FAQ问答任务介绍

FAQ问答是智能对话系统(特别是垂直领域对话系统)的核心业务场景，业务专家基于经验或数据挖掘的结果，将用户会频繁问到的业务知识以Q&A的形式维护起来，称之为知识库，
当用户使用对话系统时，提问一个业务方面的问题，机器自动从知识库中找到最合适的回答。机器找答案的过程通常包含检索和排序两个阶段;

MGIMN FAQ问答模型以StructBERT预训练模型为底座，模型结构采用多粒度交互式匹配小样本模型(参考NAACL2022论文)
相对于StructBERT FAQ问答模型效果更优；

FAQ问答开发实践

模型描述

本模型以structbert-base-chinese预训练模型为底座，模型结构采用多粒度交互式匹配小样本模型结构（如下图所示），核心的模块主要有：Instance Matching Layer和Class-wise Aggregation Layer，
详细的模型结构设计请参考NAACL2022论文MGIMN:Multi-Grained Interactive Matching Network for Few-shot Text Classification，模型通过小样本meta-learning的训练方式，在海量数据上进行预训练(亿级)、微调(百万级)；适用于
FAQ问答任务和通用小样本分类任务；（说明：模型结构与论文中一致，但训练方式由于框架约束会略有差异）

期望模型使用方式及适用范围

如何使用

在安装完成ModelScope之后即可使用damo/nlp_mgimn_faq-question-answering_chinese-base的的FAQ问答能力

代码范例

from modelscope.pipelines import pipeline
from modelscope.utils.constant import Tasks

# query_set: query
# support_set: faq候选列表，一般实际应用场景中通过检索得到
faq_pipeline = pipeline(Tasks.faq_question_answering, 'damo/nlp_mgimn_faq-question-answering_chinese-base')
outputs = faq_pipeline({"query_set": ['如何使用优惠券', '在哪里领券', '购物评级怎么看'],
                   "support_set": [{'text': '卖品代金券怎么用', 'label': '2931733'}, 
                                   {'text': '怎么使用优惠券', 'label': '2931733'}, 
                                   {'text': '这个可以一起领吗', 'label': '3626004'}, 
                                   {'text': '付款时送的优惠券哪里领', 'label': '3626004'}, 
                                   {'text': '购物等级怎么长', 'label': '6344909'}, 
                                   {'text': '购物等级二心', 'label': '6344909'}]})

# outputs
# 输出每一个类的分值，并进行排序
# {'output': [[{'label': '2931733', 'score': 0.9460447430610657},
#   {'label': '3626004', 'score': 1.7818173319028574e-06},
#   {'label': '6344909', 'score': 1.9170591780692803e-09}],
#  [{'label': '3626004', 'score': 0.9911342859268188},
#   {'label': '2931733', 'score': 0.003209104062989354},
#   {'label': '6344909', 'score': 1.5378593616333092e-06}],
#  [{'label': '6344909', 'score': 0.999358594417572},
#   {'label': '3626004', 'score': 2.7110197606816655e-06},
#   {'label': '2931733', 'score': 1.836718638514867e-06}]]}

备注：我们不限定query_set 和 support_set大小，使用者需要基于基于显存大小以及对性能的要求输入合适大小的候选集；

from modelscope.pipelines import pipeline
from modelscope.utils.constant import Tasks

# 获取句子向量表示，可用于构建向量索引；
faq_pipeline = pipeline(Tasks.faq_question_answering, 'damo/nlp_mgimn_faq-question-answering_chinese-base')
sentence_vecs = faq_pipeline.get_sentence_embedding(['如何使用优惠券', '今天有免费的10元无门槛吗', '购物评级怎么看'], max_len=30)

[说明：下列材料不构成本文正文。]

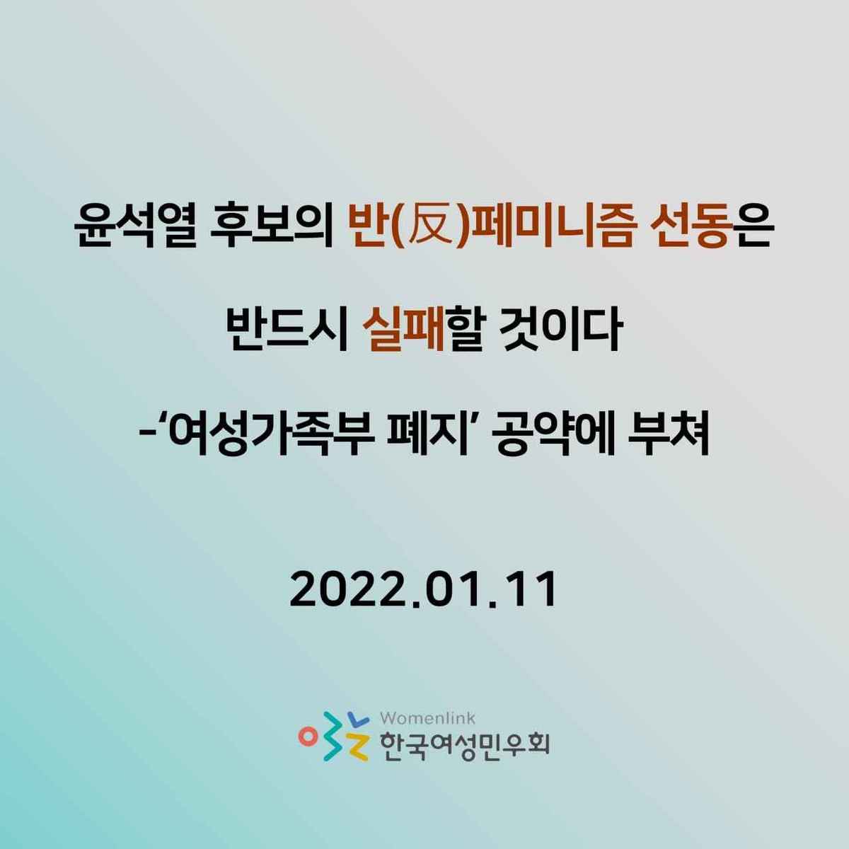 윤 후보의 ‘여성가족부 폐지’는 반(反)페미니즘을 도구로 지지율을 올려보기 위한 것 이상의 의미를 찾아보기 어렵다. 이는 ‘성범죄 무고죄 처벌 강화’를 정책으로 내놓으며 일부 남성들의 주장을 되풀이한 것과 다르지 않은 행태이다. 언제까지 차별과 혐오를 동력 삼아 지지를 호소할 것인가? 차별·혐오 주장을 어디까지 받아 안을 것인가?

备注：同样，我们也不对输入进行大小限制，使用者需要基于显存大小输入合适大小的数据；

模型局限性及可能的偏差

虽然我们的数据尽量覆盖各行业，但仍有可能不适用于某些特定行业；

训练数据介绍

训练数据来源于业务数据

模型训练&Finetune

import os

from modelscope.metainfo import Trainers
from modelscope.msdatasets import MsDataset
from modelscope.pipelines import pipeline
from modelscope.trainers import build_trainer
from modelscope.utils.config import Config
from modelscope.utils.hub import read_config

model_id = 'damo/nlp_mgimn_faq-question-answering_chinese-base'
tmp_dir='./work_dir'

# 我们仅以此数据作为示例，并不能作为faq任务的训练数据
train_dataset = MsDataset.load(
    'jd', namespace='DAMO_NLP',
    split='train').remap_columns({'sentence': 'text'})
# 用户可以加载自己的数据集，格式如下，训练数据少时会报错，尽量保证label数和每个label对应样本数不少于5；
#train_dataset = [{'text':'测试数据1','label':'label1'},{'text':'测试数据3','label':'label1'},
#                 {'text':'测试数据2','label':'label2'},{'text':'测试数据4','label':'label2'},.....]
eval_dataset = MsDataset.load(
    'jd', namespace='DAMO_NLP',
    split='validation').remap_columns({'sentence': 'text'})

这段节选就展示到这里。